Back to school in Topical Steroid Withdrawal can be so much better when you know that you will be understood, you will be safe, you will find support when you need it and opportunities to learn and grow in new and brave ways. I mean this for your child in TSW. I mean this for you.  Whether it is your first back to school in TSW, or if it is like ours, your fifth, each warrior is on their own unique path towards healing and thriving. Wherever you are as back to school approaches this year, or if you have already started, know that it is ok to be different as you identify your strengths, and advocate for your health and learning needs.  

Five years ago, when my son Max was 15 months TSW, and about to start Kindergarten, I so wanted him to be part of the familiar path his classmates would be on. I didn’t know up to the start of school, if he should be home-schooled or not, with the intensity of his TSW symptoms.  His school team was incredible but his first day was heartbreaking. The severity of the nerve and itch episode hurt emotionally and physically. Max was only able to attend Kindergarten in the afternoons due to exhaustion and pain from skin setbacks after scratching arms and legs at school. I was called into the nurse’s office each day (a plan we were grateful to have with the school though it meant deep stretching on one income), and Max would come home after the nerve pain and itch episode to sleep and recover. It was our attempt to stay on the same path as others, but it wasn’t the right route for us then.

We took Max out of school in January 2016, and kept him home to rest and heal. He spent months on the couch. Anything that dilated his blood vessels (fatigue, heat, stress, digestion, fragrance), would trigger nerve pain and itch. Those different, not school days, allowed his healing needs to lead the way. He could sleep in after a night of being up. We could bundle up on a good afternoon and drive to the beach to explore rocks. The right path meant trusting that what felt like loss would lead to gain. Max attended first grade full time. I was on call for the intense and almost daily nerve pain and itch episodes, but he would return to class afterwards. Each school year brought more healing and learning. Max will soon start his fourth grade year and he loves school. We have seen so many gains each new school year and will share how we planned and persevered! 

The Planning – Know Your Rights

Section 504 of the Rehabilitation Act of 1973 is an important legal right for your child. Section 504 requires that public K-12 schools provide a free appropriate education (FAPE), to students who qualify due to a physical or mental impairment. If your child attends a school that receives federal funding they have the right to reasonable accommodations developed between the school, student and family in the form of a 504 plan. Meeting and speaking with your child’s educational team can feel overwhelming at first. Each year I try to prepare a written summary prior to the meeting. Having notes helps keep me on track during meetings when I have been nervous, exhausted, or felt emotional to review our health journey with new team members.

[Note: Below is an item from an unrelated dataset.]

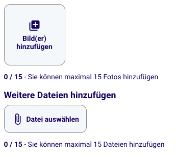 Medien: Füge bis zu 15 Fotos oder Dateien hinzu, um den besten Eindruck zu vermitteln.
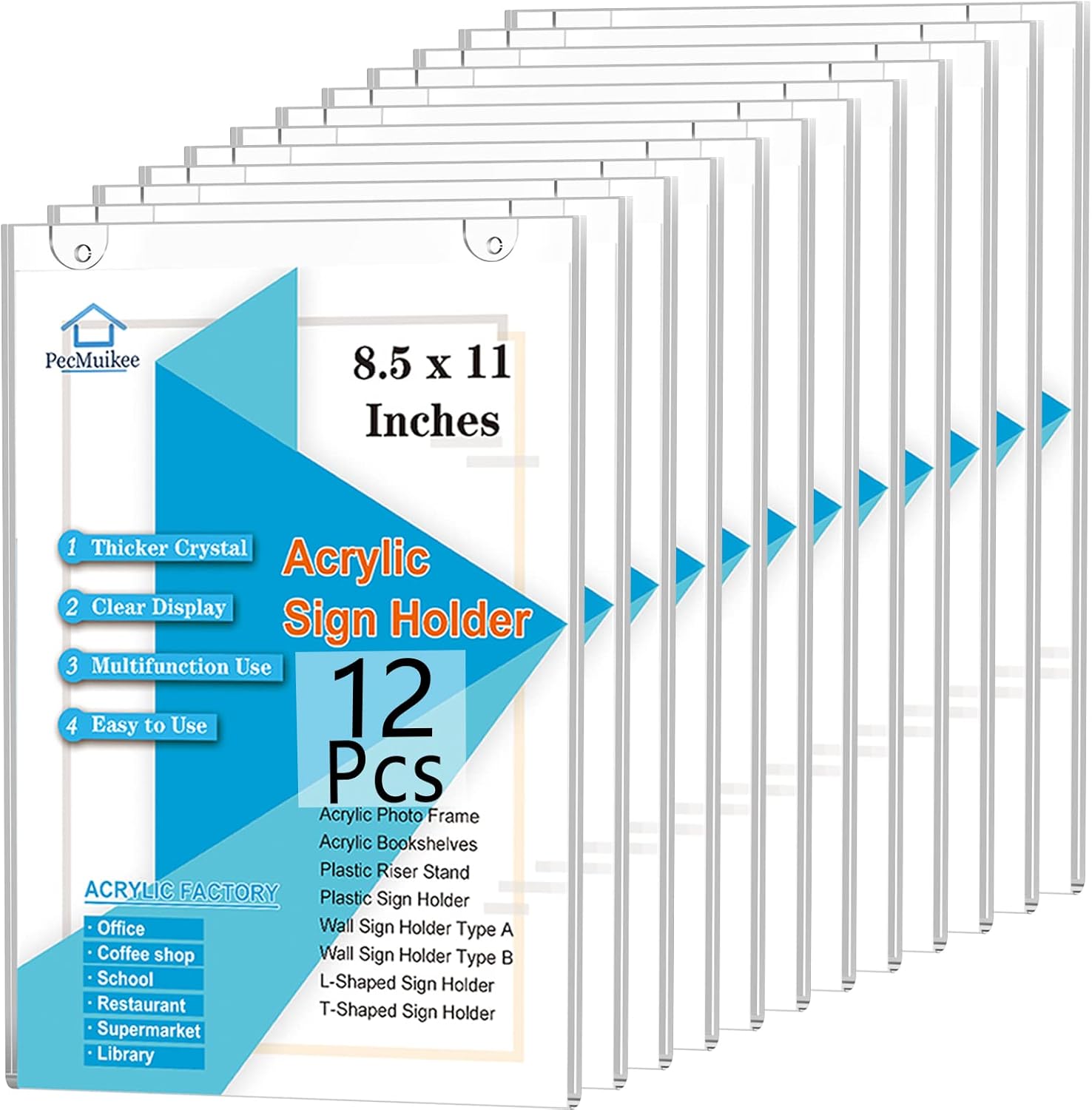 PecMuikee Acrylic Sign Holder 8.5x11, Wall Mount Acrylic Sign Holder and Plastic Paper Display Ad Frame bonus with 3M Tape and Mounting Screws for Restaurants, Office, Market, Library, Store, 12 Pcs

  • Reach out to your school’s guidance counselor and/or IEP coordinator with a request in writing to meet with your child’s teacher, school nurse and principal. Explain that you would like your child to be evaluated under Section 504.  
  • Consider reaching out 1-2 weeks before the start of each new school year.
  • Prepare a written summary of your child’s health history, include current health issues: how are days and nights?
  • Bring a copy of office notes and records from recent medical appointments if you feel that they appropriately represent your child’s health condition.
  • Print information related to TSW to share with the team. (ITSAN.org)
  • Bring photos of your child in the beginning stages of TSW and the most recent photos of areas where healing is still occurring. 
  • Include your child in the process before the meeting by asking for their thoughts about going back to school and documenting their response.
  • Develop a draft of accommodations you anticipate your child might need. (See below for examples).
  • Consider and document your child’s strengths and your hopes for this school year.  
  • Keep breathing – it will be ok!

Additional thoughts: My son Max has many food, environmental and drug allergies so I request the meeting each year to develop his Health Plan and because TSW has been an ongoing physical health condition I also request a 504 Plan to develop classroom accommodations to support his specific physical needs. In the past I have brought a laptop computer to share pictures of Max. It is important to me that his team has a visual for areas still healing, such as his calves and feet, as the school nurse may be the only school provider to see these healing areas during the school year.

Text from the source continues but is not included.